### Supplied material
◇ ◇ ◇ ◇ ◇

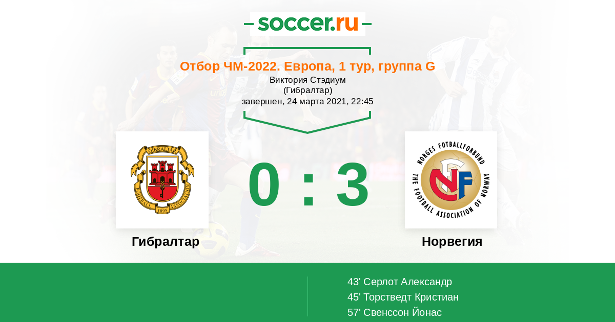 Протокол матча Гибралтар против Норвегия
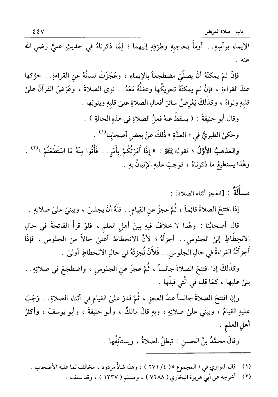 فإن لم يمكنه أن يصلي مضطجعًا بالإيماء، وعجزت لسانه عن القراءة حركها عند القراءة، فإن لم يمكنه تحريكها وعقله معه نوى الصلاة، وعرض القرآن على قلبه ونواه، وكذلك يعرض سائر أفعال الصلاة على قلبه وينويها.
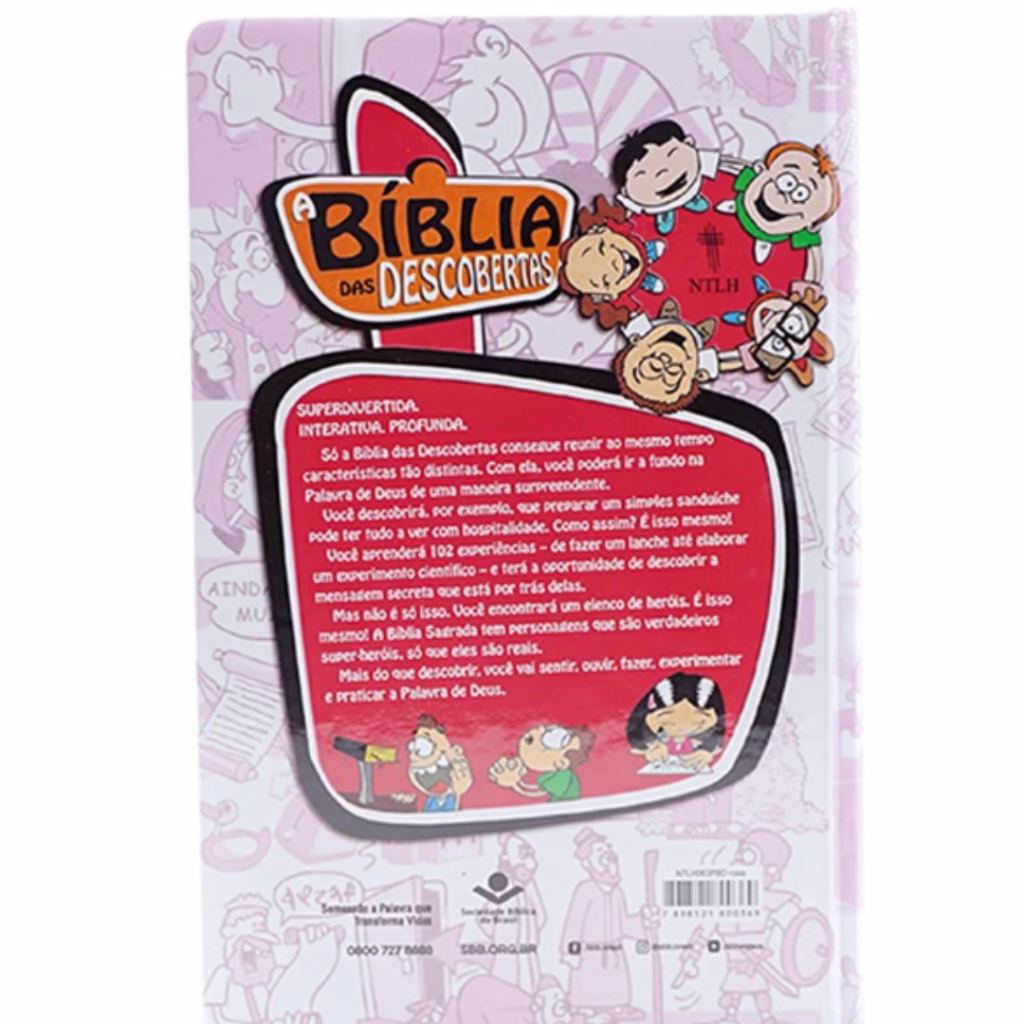 Com esta publicação o público infantojuvenil conseguirá ir fundo na Palavra de Deus de uma maneira surpreendente. O leitor descobrirá, por exemplo, que preparar um simples sanduíche pode ter tudo a ver com hospitalidade. São 102 experiências – de fazer um lanche até elaborar um experimento científico – que oferecem a oportunidade de se descobrir a mensagem secreta que está por trás de cada uma delas. Recursos Texto bíblico: Nova Tradução na Linguagem de Hoje Notas e referências bíblicas Introduções a cada livro bíblico 102 experiências de diversos tipos para fixar o aprendizado da Bíblia“Mensagens secretas”, que mostram a unidade da Bíblia e estimulam a reflexão Biografias dos principais personagens bíblicosTextos-chave que ajudam no aprendizado de passagens importantes da Bíblia Curiosidades que ajudam na compreensão da história bíblica“Conexão Jesus”, quadros que ajudam o leitor a ligar o conteúdo das histórias bíblicas com o centro da Bíblia, Jesus Cristo Você sabia? *Perguntas mais frequentes sobre a Bíblia *Tabelas e mais tabelas *Onde procurar na minha Bíblia *Roteiro pessoal para leitura da Bíblia *Meditações em família *Vocabulário *O plano mestre de Deus *Impressão em duas cores

◇ ◇ ◇ ◇ ◇

### To do
Omit the pictures and reproduce the listing exactly.

### Finished exercise
 Протокол матча Гибралтар против Норвегия
 فإن لم يمكنه أن يصلي مضطجعًا بالإيماء، وعجزت لسانه عن القراءة حركها عند القراءة، فإن لم يمكنه تحريكها وعقله معه نوى الصلاة، وعرض القرآن على قلبه ونواه، وكذلك يعرض سائر أفعال الصلاة على قلبه وينويها.
 Com esta publicação o público infantojuvenil conseguirá ir fundo na Palavra de Deus de uma maneira surpreendente. O leitor descobrirá, por exemplo, que preparar um simples sanduíche pode ter tudo a ver com hospitalidade. São 102 experiências – de fazer um lanche até elaborar um experimento científico – que oferecem a oportunidade de se descobrir a mensagem secreta que está por trás de cada uma delas. Recursos Texto bíblico: Nova Tradução na Linguagem de Hoje Notas e referências bíblicas Introduções a cada livro bíblico 102 experiências de diversos tipos para fixar o aprendizado da Bíblia“Mensagens secretas”, que mostram a unidade da Bíblia e estimulam a reflexão Biografias dos principais personagens bíblicosTextos-chave que ajudam no aprendizado de passagens importantes da Bíblia Curiosidades que ajudam na compreensão da história bíblica“Conexão Jesus”, quadros que ajudam o leitor a ligar o conteúdo das histórias bíblicas com o centro da Bíblia, Jesus Cristo Você sabia? *Perguntas mais frequentes sobre a Bíblia *Tabelas e mais tabelas *Onde procurar na minha Bíblia *Roteiro pessoal para leitura da Bíblia *Meditações em família *Vocabulário *O plano mestre de Deus *Impressão em duas cores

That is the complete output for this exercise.